Lesser Chinese softshell turtle
- Conservation status: CITES Appendix II

Scientific classification
- Kingdom: Animalia
- Phylum: Chordata
- Class: Reptilia
- Order: Testudines
- Suborder: Cryptodira
- Family: Trionychidae
- Genus: Pelodiscus
- Species: P. parviformis
- Binomial name: Pelodiscus parviformis Tang, 1997

= Lesser Chinese softshell turtle =

- Genus: Pelodiscus
- Species: parviformis
- Authority: Tang, 1997
- Conservation status: CITES_A2

Species of turtle

The lesser Chinese softshell turtle (Pelodiscus parviformis) is a species of turtle in the family Trionychidae. It is endemic to China, where it inhabits a small range in Guangxi and Hunan provinces. Populations of this species in Vietnam and Hainan are now considered to belong to a separate species, the spotted softshell turtle (P. variegatus).

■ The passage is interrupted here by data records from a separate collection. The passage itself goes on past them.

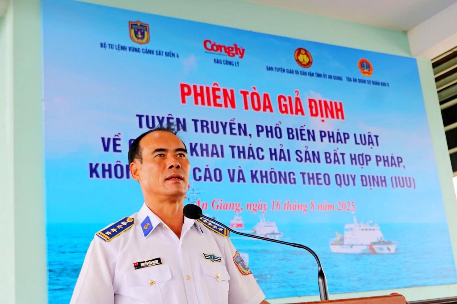 Đại tá Nguyễn Văn Tranh, Phó Tư lệnh Pháp luật, Bộ Tư lệnh Vùng Cảnh sát biển 4 cho biết: “Nhằm góp phần phát triển kinh tế biển bền vững, Bộ Tư lệnh Vùng Cảnh sát biển 4 phối hợp với Tòa án Quân sự Quân khu 9, Báo Công lý tổ chức phiên tòa giả định tuyên truyền, phổ biến pháp luật về chống khai thác IUU.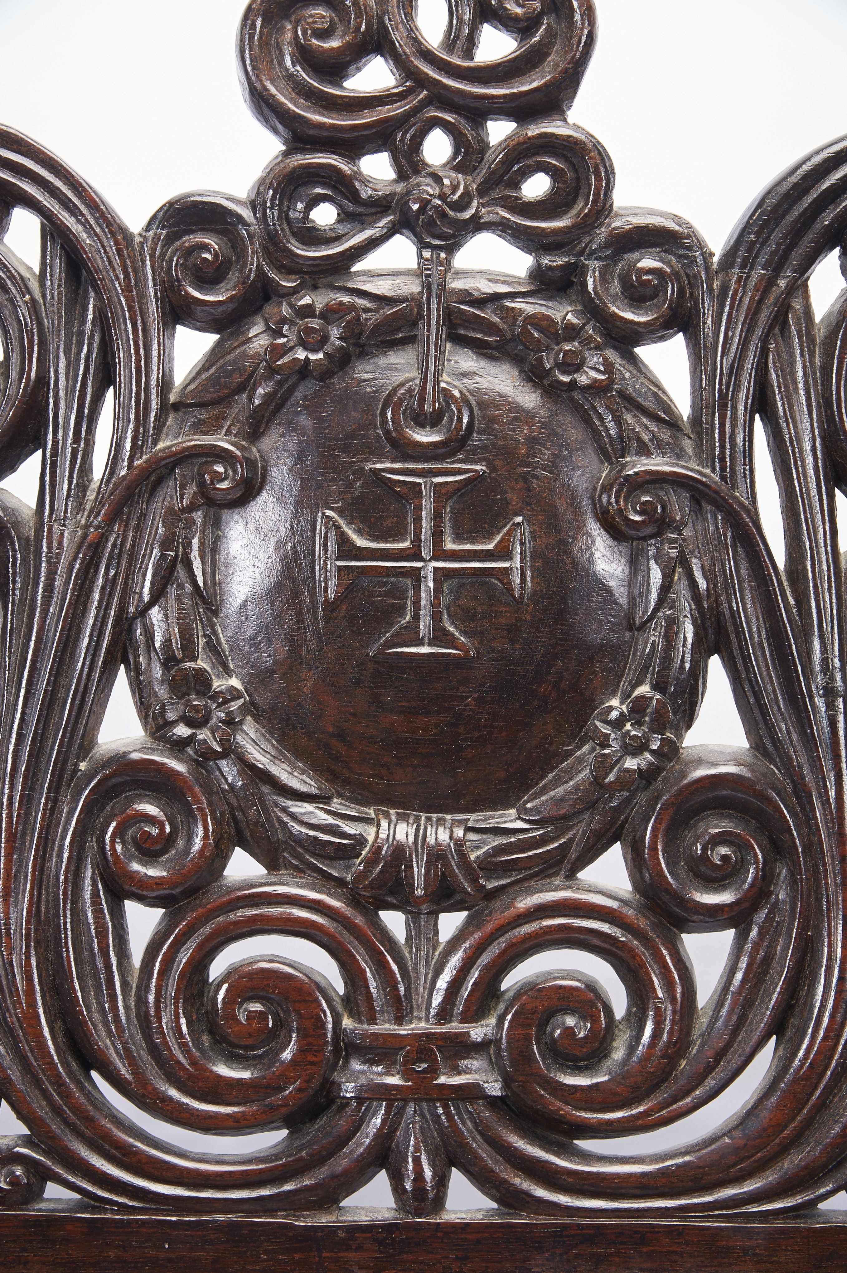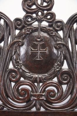 - colunas espiraladas, espaldar com entalhamentos e medalhão central com cruz da Ordem de Cristo, aros de bronze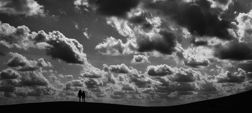 Luca, l'ho voluto io: due figure, irriconoscibili, da immaginare noi stessi li sul limite a passeggiare tra le nuvole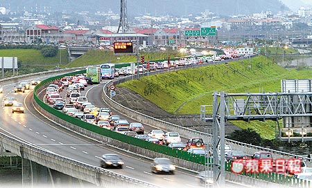 春節(jié)期間,臺(tái)灣雪山隧道天天塞爆。(蘋果日?qǐng)?bào)圖)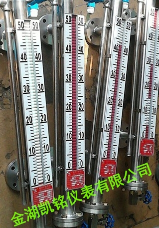 UHZ型磁翻板液位計是凱銘儀表公司創新設計的新一代液位計,產品技術先進,結構合理,顯示清晰直觀,由本體、翻板箱(由紅、白雙色磁性小翻板組成)、浮子、法蘭蓋等組成,用于各類液體容器的液位測量。也有主體內磁浮子隨液位的升降而上下運動,同時驅動主體外指示內的雙色磁板翻轉,有液位時轉示紅色、無液位時轉示白色。紅色和白色之間的界線即代表液位高度。從而使液位指示顯得更加清晰。能用于高溫、防爆、防腐、食品飲料等場合、作液位的就地顯示或遠傳顯示與控制。磁翻板液位計廣泛用于電力、石油、化工、冶金、環保、船舶、建筑、食品等行業生產過程中的液位測量與控制。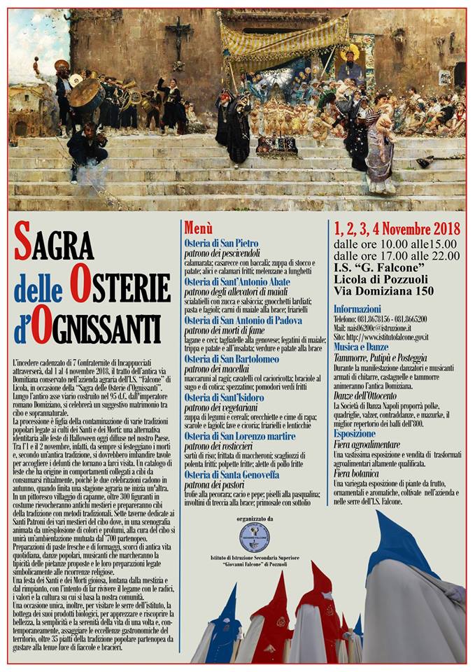 L’incedere cadenzato di sette Confraternite di Incappucciati attraverserà, dall’1 al 4 novembre 2018, il tratto dell’antica via Domitiana conservato nell’azienda agraria dell’I.S. “Falcone” di Licola, in occasione della prima edizione della “Sagra delle Osterie d’Ognissanti”. Lungo l’antico asse viario costruito nel 95 d.C. per volere dell’imperatore romano Domiziano, si celebrerà un suggestivo matrimonio tra cibo e soprannaturale.

There is some controversy within researchers over whether or not P. parviformis is a valid species. Yang et al. (2011) deemed it a valid species. Reptile Database commented that due to a lack of a revised diagnosis in this study, this species is still somewhat of unclear status.

It has been proposed that this species be considered as Critically Endangered on the IUCN Red List due to its restricted range and the heavy level of exploitation it receives.